A critical flaw in the Mallox ransomware, formerly known as TargetCompany, has recently been uncovered by Avast researchers, providing victims with the chance to recover their encrypted files without paying a ransom. Mallox has been a significant threat to organizations worldwide, evolving through several iterations since its emergence. The ransomware has demonstrated adaptability, but the latest versions active throughout 2023 and early 2024 have been compromised by a vulnerability in their cryptographic schema. This flaw enables victims to decrypt their files without needing the private ECDH key, offering a rare opportunity for recovery that bypasses the traditional reliance on ransom payments.
The vulnerability was present in Mallox ransomware for several months before the attackers took steps to patch it in March 2024. Victims can identify if they were affected by the decryptable version by checking for specific file extensions, including .bitenc, .ma1x0, .mallab, .malox, .mallox, and .xollam. Additionally, ransom notes such as “FILE RECOVERY.txt” or “HOW TO RESTORE FILES.txt” are typically left in the compromised folders, indicating an infection by the vulnerable version of the malware. Avast has since released a free decryption tool, which allows users impacted by this ransomware to recover their files without engaging with the ransomware operators or paying the ransom demands.
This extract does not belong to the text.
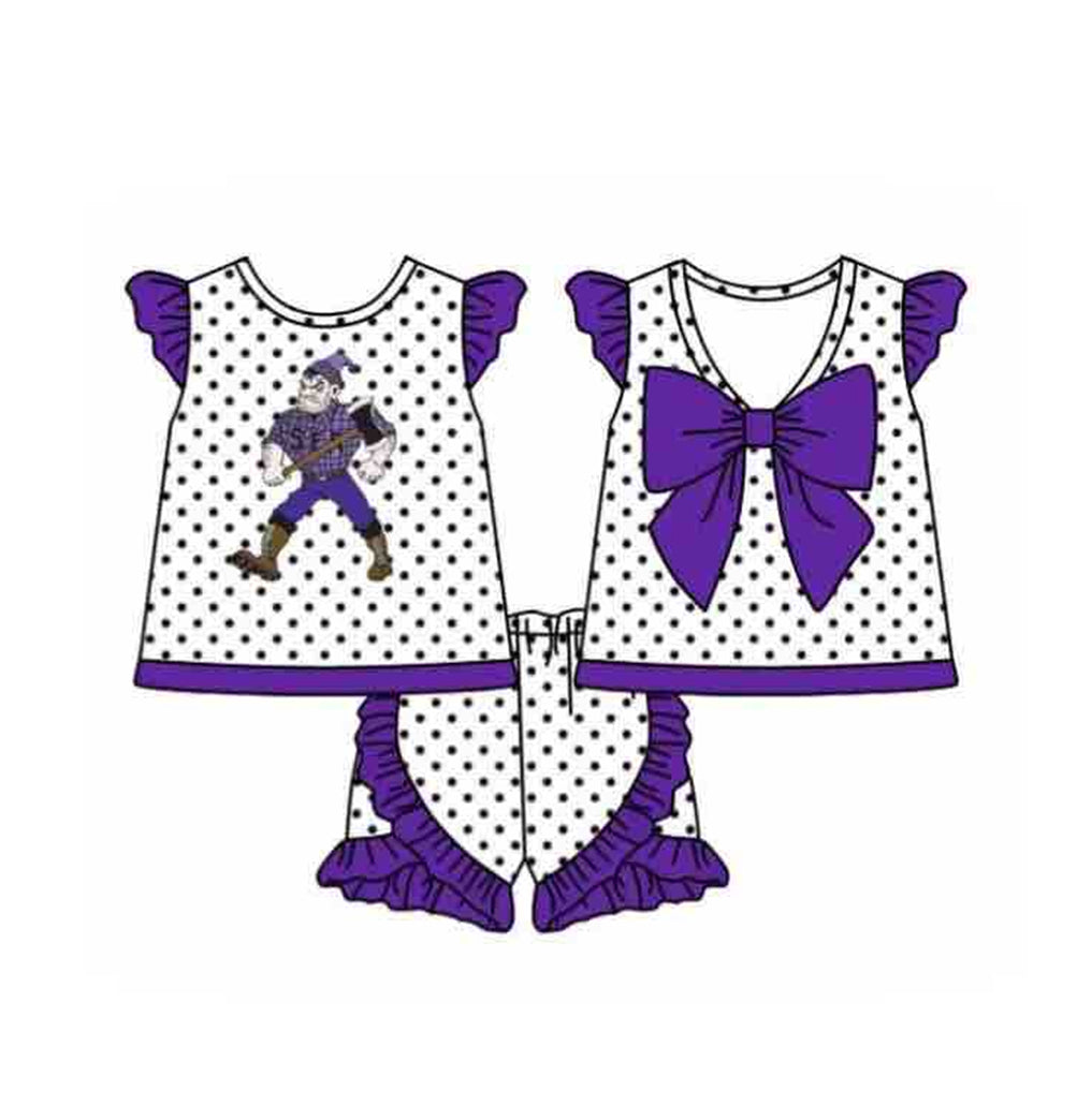 (Custom Design MOQ 5) Girls Purple Football Team's Print Shorts Clothes Set
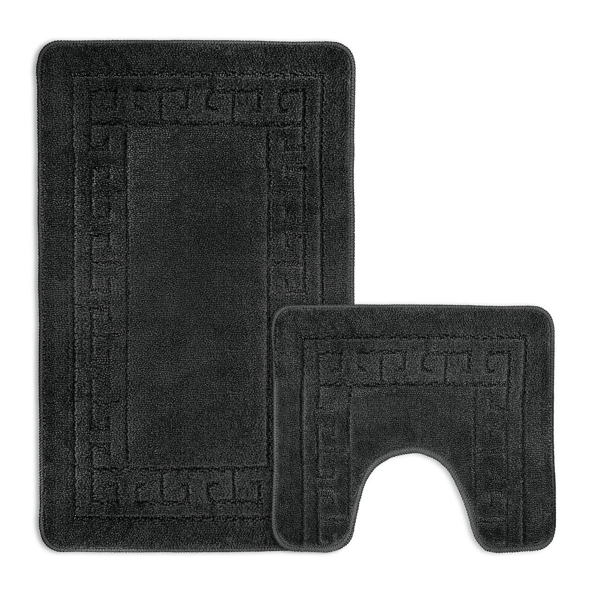Elevate your bathroom with our Velosso Greek Key Charcoal Grey Non Slip Bath Mat Set, the perfect combination of style and safety. Our set includes a luxurious bath mat and pedestal mat, both adorned with a chic geometric border, all in a stunning shade of charcoal grey. Experience the ultimate comfort with our super-absorbent mats, designed to keep your feet cosy and dry.

The decryption process is straightforward but requires users to run the tool on the originally infected computer, which necessitates administrative privileges for successful decryption. Avast recommends that users back up all encrypted files before attempting recovery to prevent any potential data loss. This availability of a decryption solution represents a significant setback for the Mallox operation, which had been actively targeting various organizations across multiple sectors. The ransomware group maintained a presence on social media platforms and operated a Dark Web leak site where they documented their victims through June 2024, showcasing their malicious activities and the data they had exfiltrated.
This discovery highlights the ongoing battle between cybersecurity experts and ransomware groups, emphasizing the importance of maintaining strong cybersecurity defenses and remaining vigilant against evolving threats. While the decryption tool provides hope to many victims, experts stress the necessity of regular backups, robust security measures, and continuous monitoring for suspicious system behaviors. Organizations should be alert to unusual memory usage or processing loads, as these could indicate a ransomware attack in progress. Ultimately, the ability to recover files without paying a ransom underscores the significance of cybersecurity awareness and the proactive steps organizations must take to protect their data and systems from such threats in the future.